Устройство придела в храме было для средневекового сознания не столько памятью о человеческом поступке, сколько о действии Божественного промысла. Сам факт строительства церкви с посвящением, символизирующим все события в целом, становится недостаточным. Каждый придел, как клеймо в иконах того, времени, повествует об определенном чуде, в котором проявилась Божественная воля.

Вероятно, впервые такая программа получила воплощение в деревянном соборе Покрова на Рву, освященном 1 октября 1554 г.1

Постройка мемориального храма с приделами, посвященными либо святым, на дни празднования которых приходились победы казанского похода, либо событиям личной жизни Ивана Грозного, как уже говорилось, не представляла собой чего-то абсолютно нового. Новое заключалось в том,что был сооружен не один многопридельный собор, а девятипрестольный храм о девяти же самостоятельных приделах, поставленных на одном основании, который как бы символизировал собой горний Иерусалим – небесный Сион - рай, где должны были найти себе загробное упокоение и вечное блаженство души тех, которые отдали свою жизнь «за други своя», за общенародное дело - окончательное уничтожение возможности татарского нашествия. Именно храм-город и появился на Красной площади Москвы, а необычность его архитектуры призвана была отражать представление о райской архитектуре, о которой повествовали Апокалипсис и Житие Василия Нового, известное в русской литературе с XIV века.

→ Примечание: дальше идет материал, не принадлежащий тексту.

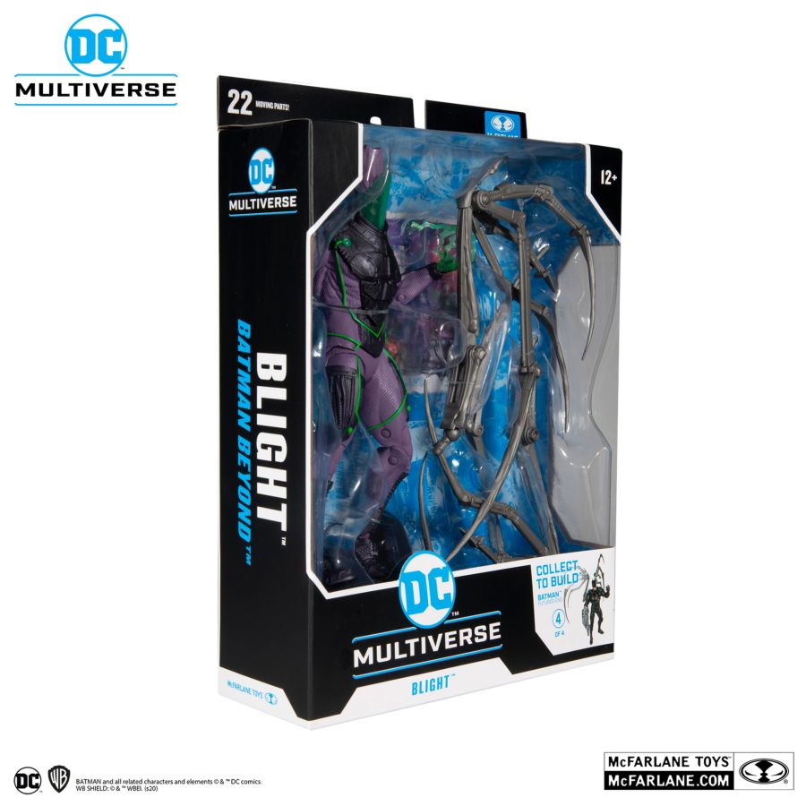 After Bruce Wayne's health began to decline, Derek Powers, the corrupt CEO of Powers Technology, merged his company with Wayne's. With access to new assets, Powers used his vast resources to develop dangerous weapons for the government. After being exposed to one of his deadly chemical agents, Powers attempted to save his own life by experimenting on himself with large amounts of radiation. But the chemical agent's effects coupled with the radiation transformed him into a monster. Now, Powers has become Blight, a radioactive metahuman with glowing translucent skin and a lethal touch! Product features: - Incredibly detailed 7" scale figures based off the DC Multiverse - Designed with Ultra Articulation with up to 22 moving parts for full range of posing and play - Blight is based on his look from the Batman Beyond Comics - Blight includes alternate hands and a base - Figure includes 1 of 4 pieces that combine with the Batman Beyond Build-a line to assemble Batman (Jokerbot) from Futures End - Included collectible art card with figure photography on the front, and character biography on the back - Collect all McFarlane Toys DC Multiverse Figures

Таким образом, воплощение земного рая или его символ, в который так верил новгородский архиепископ Василий Калика, обретало реальные архитектурные формы2.

Вполне естественно, что эта идея, в сочетании с идеей увековечения в наиболее торжественной форме окончательной победы, навсегда освобождавшей русский народ от тяготевшего над ним домоклова меча татарской неволи, заставляла зодчих обратиться к недавним примерам мемориального зодчества, отмечавшим важнейшие факты государственной жизни, в первую очередь жизни и деятельности самого Ивана Грозного, - ведь благодаря его личности как таковой, его стараниям и организаторским способностям великое княжество Московское превратилось в царство, державу, уподобленную Риму, нанесшую решающее поражение татарам. Такой взгляд на роль Ивана Грозного потребовал от зодчих нового, своеобразного, достаточно переработанного, воплощения мемориального храма, что натолкнуло их на мысль соединить в единую композицию главный шатровый храм (церковь Вознесения в Коломенском) и окружавшие его многочисленные приделы (храм в Дьякове).

Сначала (в 1553г.) была заложена каменная «едина Троица», с деревянными приделами, которые затем было решено заменить каменными. Это решение относится уже к 1555 году, когда Грозный велел заново отстроить мемориальный храм. Первоначальное посвящение мемориального храма Троицы имеет под собой небезыинтересное основание. Напомним, что, взяв 2 октября 1552 года Казань, царь через два дня «освятя градъ во имя святыя и живоначальныя Троица». Это освящение покоренного города в честь Троицы имело принципиальное значение, так как тем самым официально подтверждался основной догмат православной церкви о троичности божества. Его подтверждение государственным актом освящения города объясняется следующими обстоятельствами. В кругах правительства и церкви были еще достаточно памятны антитринитарные выступления представителей ереси жидовствующих. Поэтому необходимо было конкретными действиями утвердить этот догмат. Не случайно в эти годы строятся храмы во имя Троицы, пишутся иконы на тот же сюжет, сильно увеличивается в числе посвящение Троице новооснованных монастырей1.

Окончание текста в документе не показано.